━━ Data to use ━━

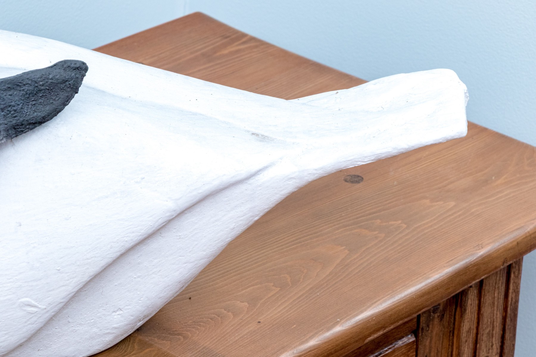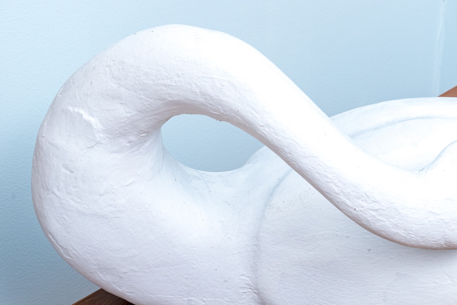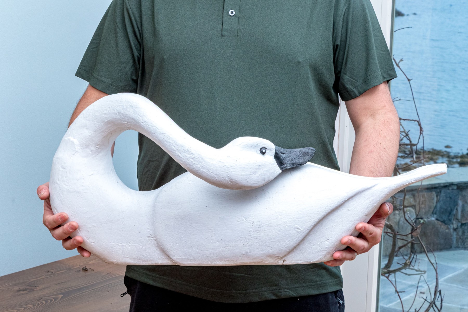 A delightful model or decoy of a swan in plaster/composite with a faux bois texture, painted clean white with a black beak and eyes. The swan elegantly poses with its beak resting on its wing, its long neck dramatically curved as it sits with its wings tucked by its sides and short tail flared.
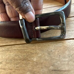 Wine men’s italian made cortina leather belt with a smoked silver belt buckle. In VGUC.
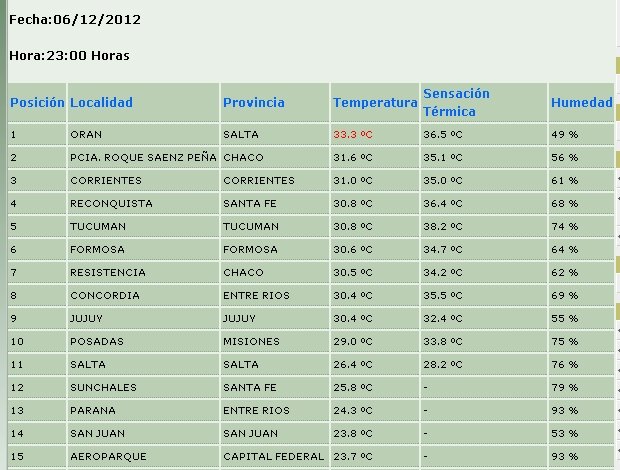 Si bien la temperatura máxima no llegó a los 38 grados (aún lejos de los 42.8º del 9 de enero, marca máxima este año), la sensación térmica los superó holgadamente, instalando como viene sucediendo este año, a nuestra ciudad como una de las más calurosas del país. Este ranking que a cada hora elabora el Servicio Meteorológico Nacional, seguía dejando a Sunchales a la hora 23 como la 12º localidad con más alta temperatura.
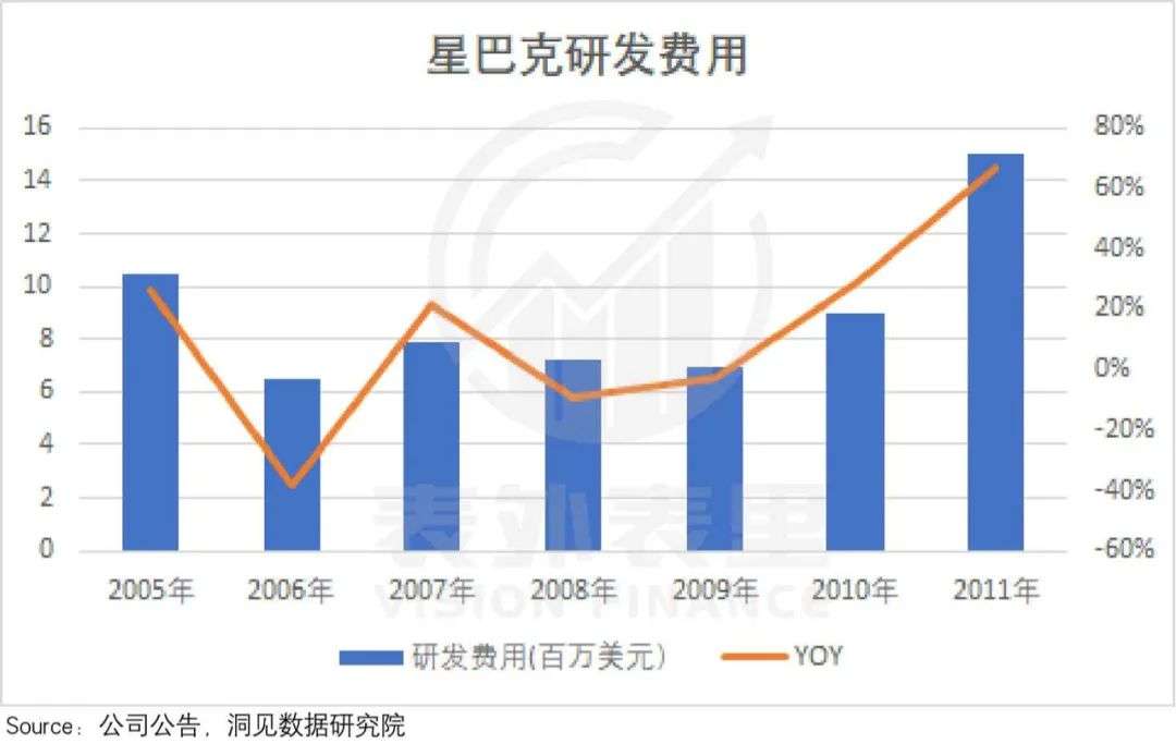 或许是教训过于惨痛,星巴克对产品力就此真正重视了起来。可以看到,其研发费用在2009年之后,持续大幅增加。
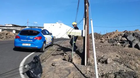 Bomberos del Consorcio, Protección Civil de Yaiza, Policía Local de Yaiza y Guardia Civil intervienen en esta emergencia declarada en la zona de Berrugo
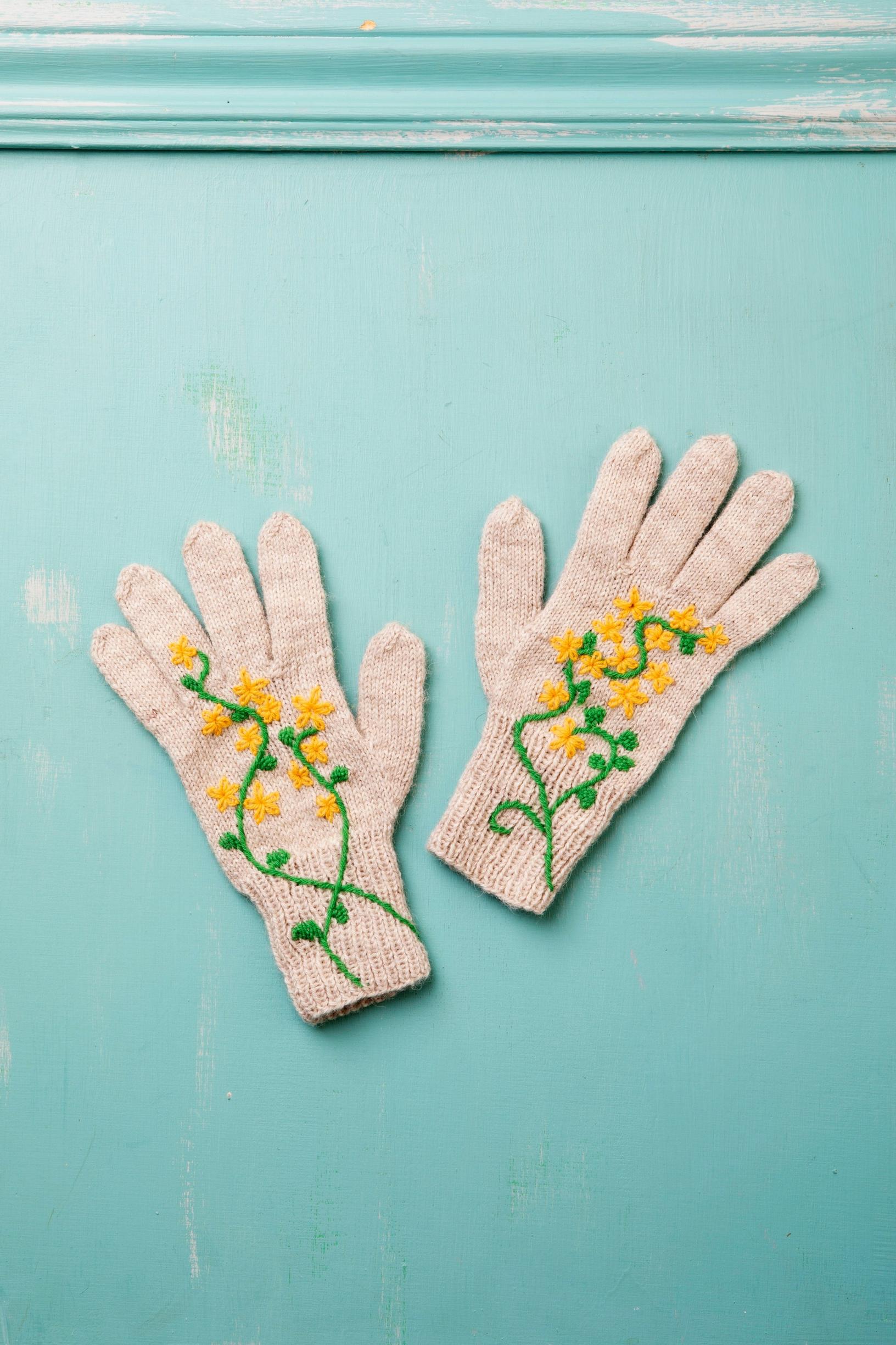 Kevät on käsillä! Tee itse neulotut sormikkaat, joita koristavat kirjotut kukkaköynnökset
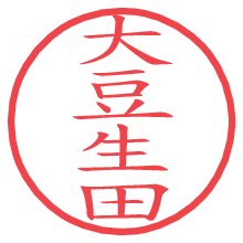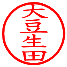 [朱肉の色]を選び、入力窓に“大豆生田”と入力して[生成]ボタンを押すと、印影が更新され、リンクから電子印鑑(デジタル印影)がダウンロードできます。 電子印鑑「大豆生田」の作り方文字表示が変なときや、文字バランスが悪いときは[字形切替]のチェックボックスでON/OFFを切り替え[生成]しなおしてください。 生成される画像は通常の印影「大豆生田.png」と、にじみを表現した少し太めの印影「大豆生田B.png」の背面透過PNG形式2種と、鮮明なPDF形式の印影「大豆生田.pdf」の計3種類です。 朱肉の微妙な色の違いを7色で表現しました。デフォルト(左端)は、JISが定めた朱肉の色のマンセル値(7.5R 5/14)をRGB値(217,66,54)に変換したものになっています。 「電子透かし」にチェックを入れて[生成]ボタンを押すと、タイムスタンプを電子透かしとして埋め込んだセキュアな電子印鑑が作れます。詳細は別ページの「タイムスタンプと電子透かし」でご覧ください。 大豆生田さんの日付印が作れます。「日付スタンプメーカー」は、社内向けの書類に利用されることの多い日付印(データ印)が無料で作れるWebアプリケーションです。中段に日付が入り、上段と下段は、ともに8文字まで文字が入ります。 ![]() 古代文字で落款印が作れます。「落款スタンプメーカー」で作品を引き立たせる落款印が作れます。
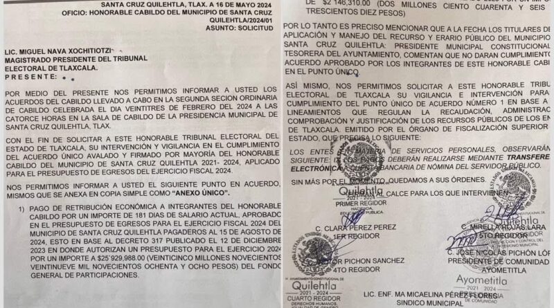 Firmada por la mayoría de los integrantes del cabildo, los regidores entregaron una solicitud al Tribunal Electoral de Tlaxcala (TET) en donde hacen saber que, como único acuerdo de la sesión de cabildo realizada el pasado 23 de febrero, se sienten con el derecho de pedir una cantidad equivalente a 181 días de salario por cada uno de ellos, del presupuesto de egresos de este año.
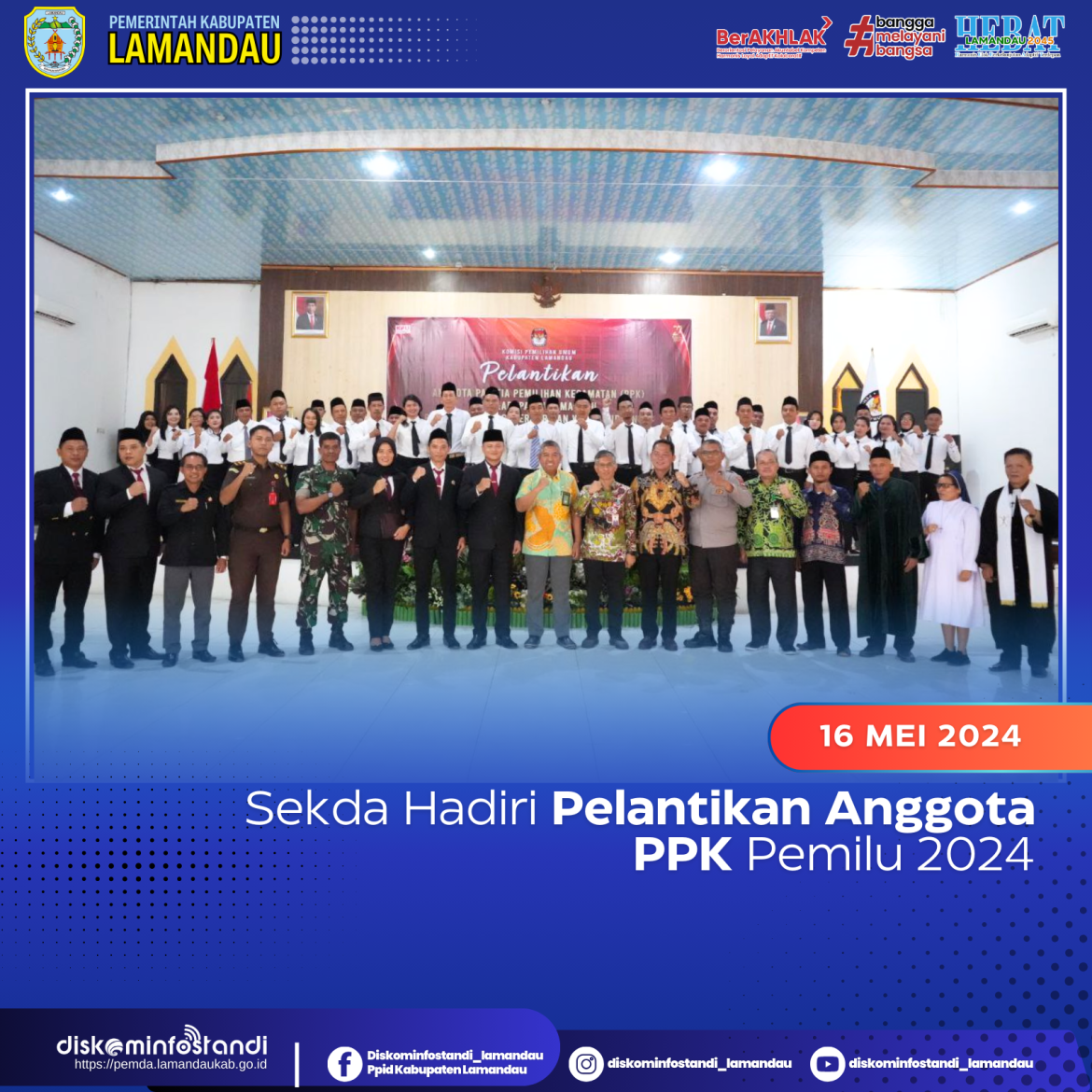 Nanga Bulik – Penjabat (Pj) Bupati Lamandau yang diwakili oleh Sekretaris Daerah, Muhamad Irwansyah menghadiri pelantikan 40 orang anggota Panitia Pemilihan Kecamatan (PPK) pada Pemilihan Umum (Pemilu) Gubernur dan Wakil Gubernur, Bupati dan Wakil Bupati tahun 2024, Kamis (16/5/2024) yang dilaksanakan di Aula Bappedalitbang Lamandau.
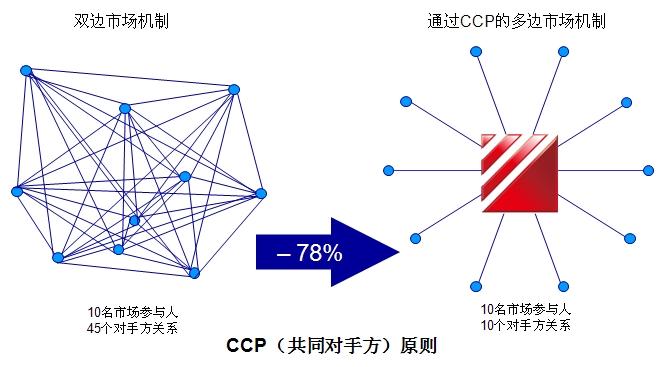 (二)CCP(共同對手方)原則。在結算過程中,中國結算介入證券交易中成為所有買方和賣方的交收對手,并保證交收順利完成。CCP原則有助于簡化結算過程,提高效率。同時,中國結算根據結算業務規則集中管理市場中的對手方信用風險,有利于控制和降低市場整體風險水平。以下圖為例:市場有10名參與人,他們相互之間有45個對手方關系;如果由中國結算充當共同對手方,則只需要10個對手方關系,對手方關系減少78%。
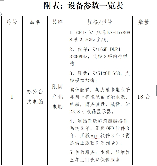 質(zhì)量要求:符合《設(shè)備參數(shù)一覽表》要求,售后服務(wù):主機、顯示器三年上門免費保修服務(wù)。
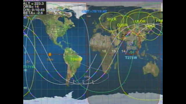 Live video from the International Space Station includes internal views when the crew is on-duty and Earth views at other times. The video is accompanied by audio of conversations between the crew and Mission Control. This video is only available when the space station is in contact with the ground. During "loss of signal" periods, viewers will see a blue screen. Since the station orbits the Earth once every 90 minutes, it experiences a sunrise or a sunset about every 45 minutes. When the station is in darkness, external camera video may appear black, but can sometimes provide spectacular views of lightning or city lights below.
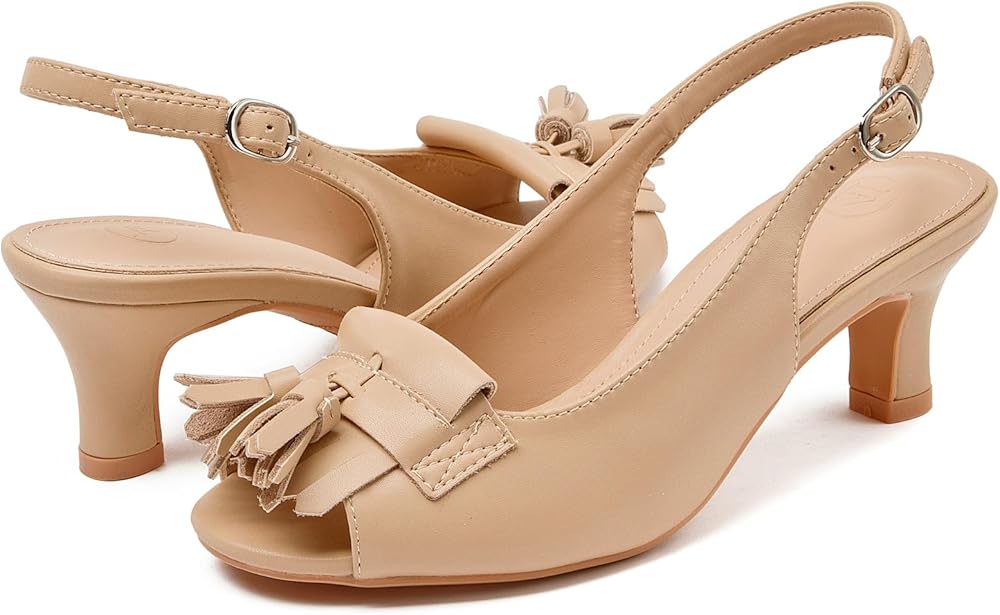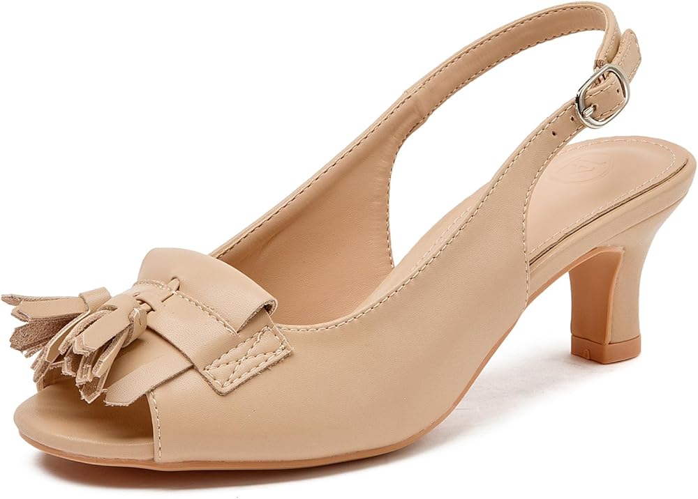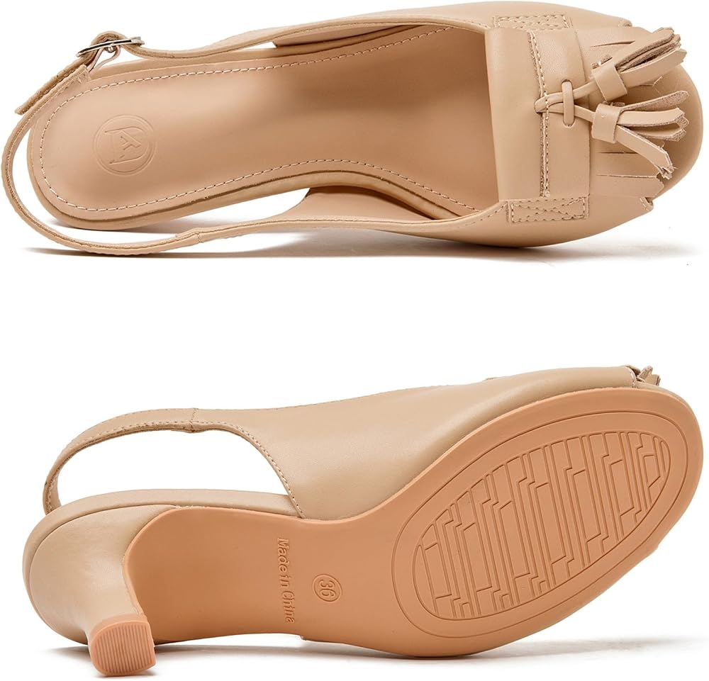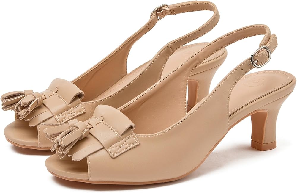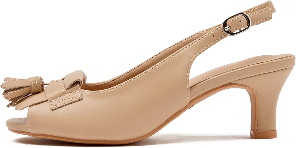 【Elegant Slingback Pumps】: The slingback pumps feature decorative tassels. Open toe silhouette with slingback construction, quickly disperse air to keep your feet dry all day. Heel height: 2.16" (approx), platform chunky heels with the perfect height for any occasion with create the illusion of longer legs.

━━━

**Description of the task:** Using the entries above, write out exactly the lines from the one with "Si bien la temperatura" through the one with "Kevät on käsillä!", ends included. Leave out any pictures.

**Answer for this exercise:**
 Si bien la temperatura máxima no llegó a los 38 grados (aún lejos de los 42.8º del 9 de enero, marca máxima este año), la sensación térmica los superó holgadamente, instalando como viene sucediendo este año, a nuestra ciudad como una de las más calurosas del país. Este ranking que a cada hora elabora el Servicio Meteorológico Nacional, seguía dejando a Sunchales a la hora 23 como la 12º localidad con más alta temperatura.
 或许是教训过于惨痛,星巴克对产品力就此真正重视了起来。可以看到,其研发费用在2009年之后,持续大幅增加。
 Bomberos del Consorcio, Protección Civil de Yaiza, Policía Local de Yaiza y Guardia Civil intervienen en esta emergencia declarada en la zona de Berrugo
 Kevät on käsillä! Tee itse neulotut sormikkaat, joita koristavat kirjotut kukkaköynnökset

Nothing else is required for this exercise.